▶ [How to complete this task]
The line containing "The railway running into Armley Mills." and every line after it, through the end of the records below, are to be reproduced exactly, with the pictures left out.
Given information section start
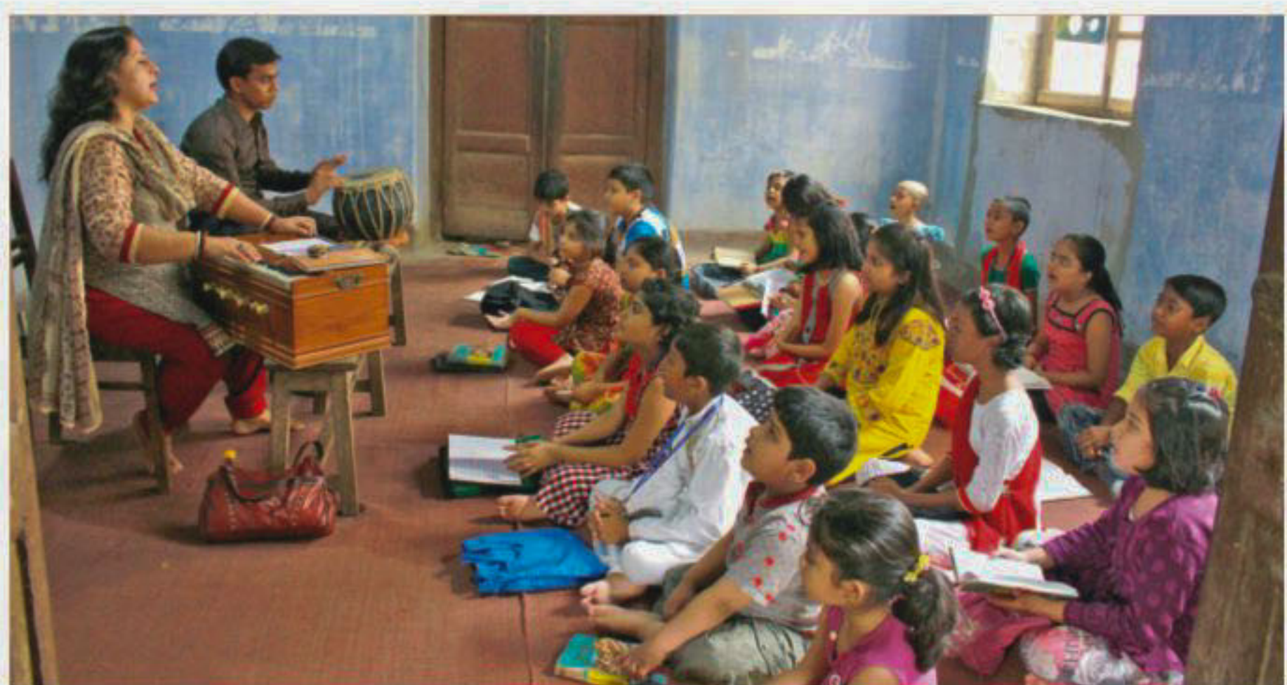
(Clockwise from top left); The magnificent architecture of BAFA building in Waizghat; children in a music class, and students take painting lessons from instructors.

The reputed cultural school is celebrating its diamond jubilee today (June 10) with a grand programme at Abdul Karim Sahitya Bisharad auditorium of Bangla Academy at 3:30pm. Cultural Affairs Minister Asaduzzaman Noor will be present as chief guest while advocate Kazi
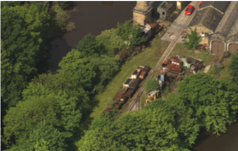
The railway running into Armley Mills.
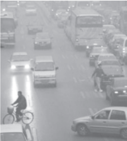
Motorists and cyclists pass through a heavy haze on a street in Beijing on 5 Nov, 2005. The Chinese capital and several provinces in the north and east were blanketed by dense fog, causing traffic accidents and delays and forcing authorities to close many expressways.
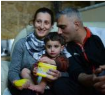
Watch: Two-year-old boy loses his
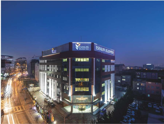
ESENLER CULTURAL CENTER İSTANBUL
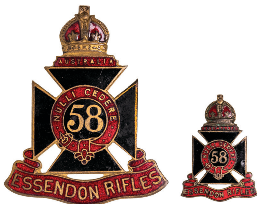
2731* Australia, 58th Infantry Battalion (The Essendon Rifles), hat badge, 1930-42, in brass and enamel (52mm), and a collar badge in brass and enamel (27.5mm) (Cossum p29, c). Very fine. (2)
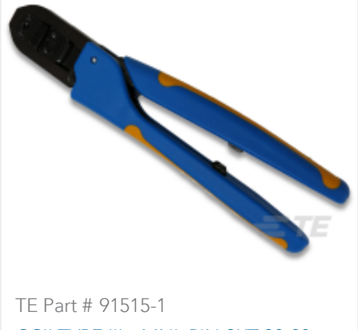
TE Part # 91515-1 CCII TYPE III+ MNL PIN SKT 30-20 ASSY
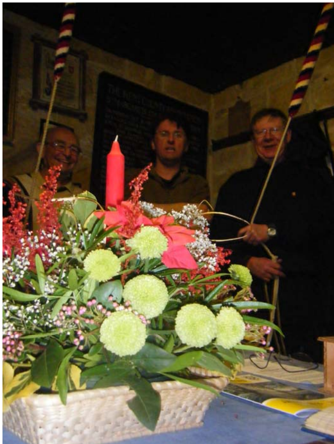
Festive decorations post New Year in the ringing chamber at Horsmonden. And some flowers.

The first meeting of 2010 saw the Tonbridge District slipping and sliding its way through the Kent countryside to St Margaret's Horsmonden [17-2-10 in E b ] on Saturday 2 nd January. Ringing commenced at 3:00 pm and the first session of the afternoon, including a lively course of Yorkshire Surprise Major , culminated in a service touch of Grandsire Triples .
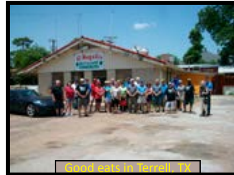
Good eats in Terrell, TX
Given information section end
▶ [Output of the exercise]
The railway running into Armley Mills.
Motorists and cyclists pass through a heavy haze on a street in Beijing on 5 Nov, 2005. The Chinese capital and several provinces in the north and east were blanketed by dense fog, causing traffic accidents and delays and forcing authorities to close many expressways.
Watch: Two-year-old boy loses his
ESENLER CULTURAL CENTER İSTANBUL
2731* Australia, 58th Infantry Battalion (The Essendon Rifles), hat badge, 1930-42, in brass and enamel (52mm), and a collar badge in brass and enamel (27.5mm) (Cossum p29, c). Very fine. (2)
TE Part # 91515-1 CCII TYPE III+ MNL PIN SKT 30-20 ASSY
Festive decorations post New Year in the ringing chamber at Horsmonden. And some flowers.

The first meeting of 2010 saw the Tonbridge District slipping and sliding its way through the Kent countryside to St Margaret's Horsmonden [17-2-10 in E b ] on Saturday 2 nd January. Ringing commenced at 3:00 pm and the first session of the afternoon, including a lively course of Yorkshire Surprise Major , culminated in a service touch of Grandsire Triples .
Good eats in Terrell, TX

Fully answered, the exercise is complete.